* _What needs to be done_: Word for word, copy out the data below, omitting pictures.

* _Collected material_:
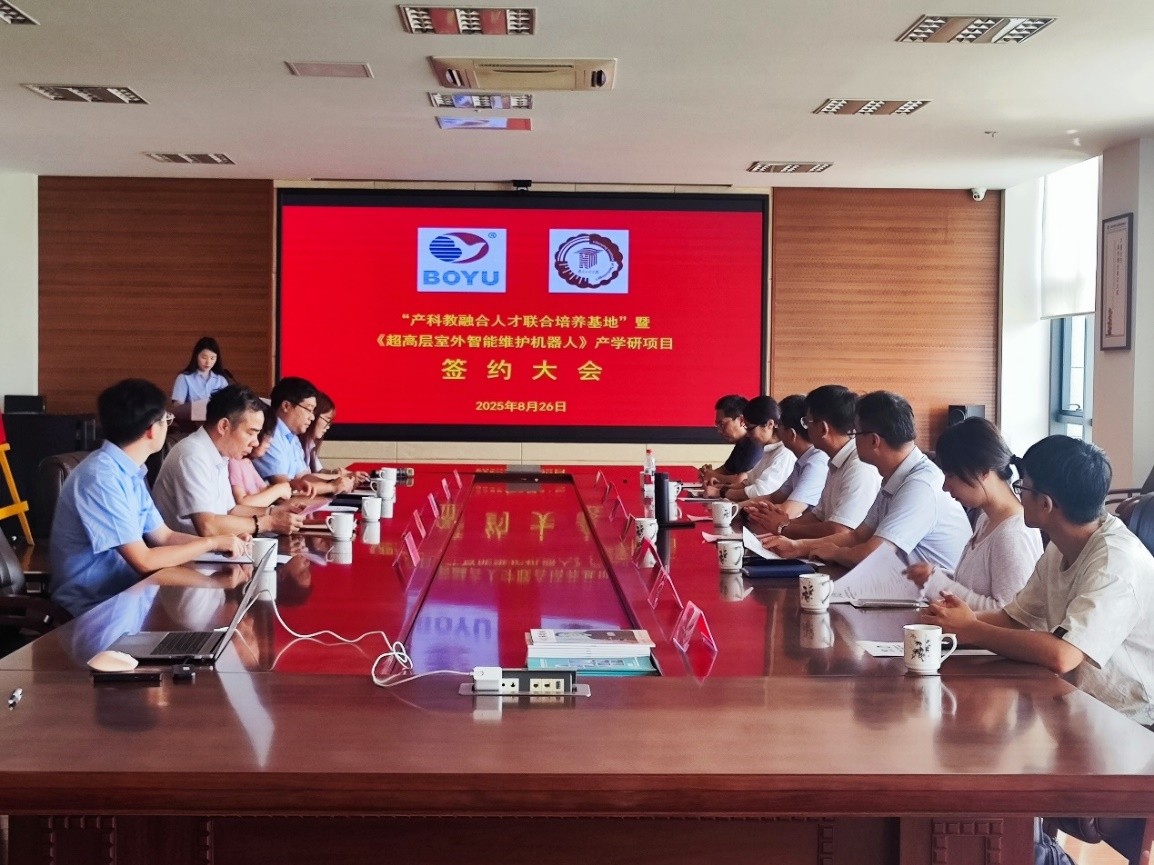 在与会人员的共同见证下,产科教融合人才联合培养基地正式揭牌。校企双方还签署《超高层室外智能维护机器人》产学研项目合作协议,未来将在科研项目、本硕贯通人才培养等方面展开全面合作。
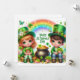 Happy St Patrick's Holiday Card with a Cute Boy and Girl, Pots of Gold, Clovers, Flowers, Animals and a Rainbow
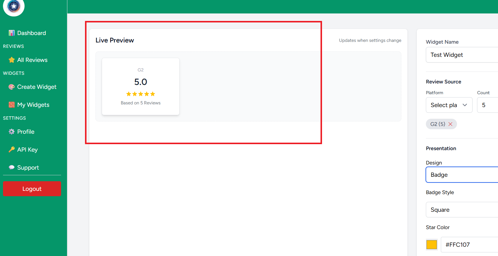 5. You can also check the ‘Live Preview’ on the side, which makes it easy to choose the design that best showcases your reviews on your website.
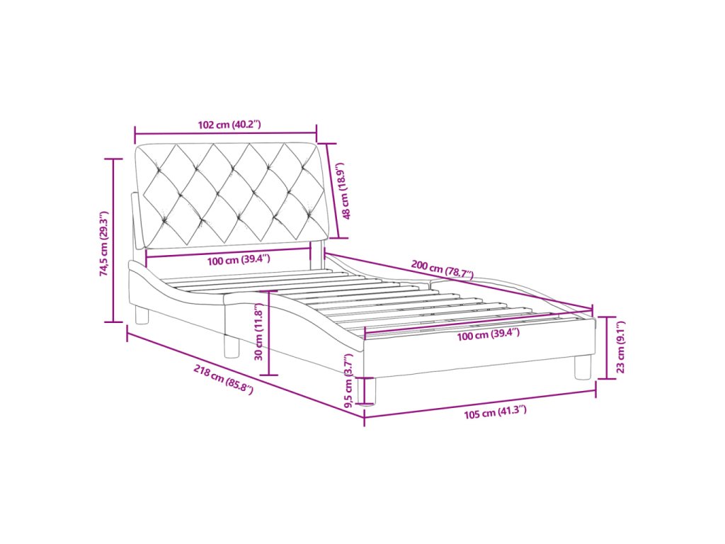 - Vhodná velikost matrace: 100 x 200 cm (Š x D) (matrace není součástí balení)

* _Answer_:
 在与会人员的共同见证下,产科教融合人才联合培养基地正式揭牌。校企双方还签署《超高层室外智能维护机器人》产学研项目合作协议,未来将在科研项目、本硕贯通人才培养等方面展开全面合作。
 Happy St Patrick's Holiday Card with a Cute Boy and Girl, Pots of Gold, Clovers, Flowers, Animals and a Rainbow
 5. You can also check the ‘Live Preview’ on the side, which makes it easy to choose the design that best showcases your reviews on your website.
 - Vhodná velikost matrace: 100 x 200 cm (Š x D) (matrace není součástí balení)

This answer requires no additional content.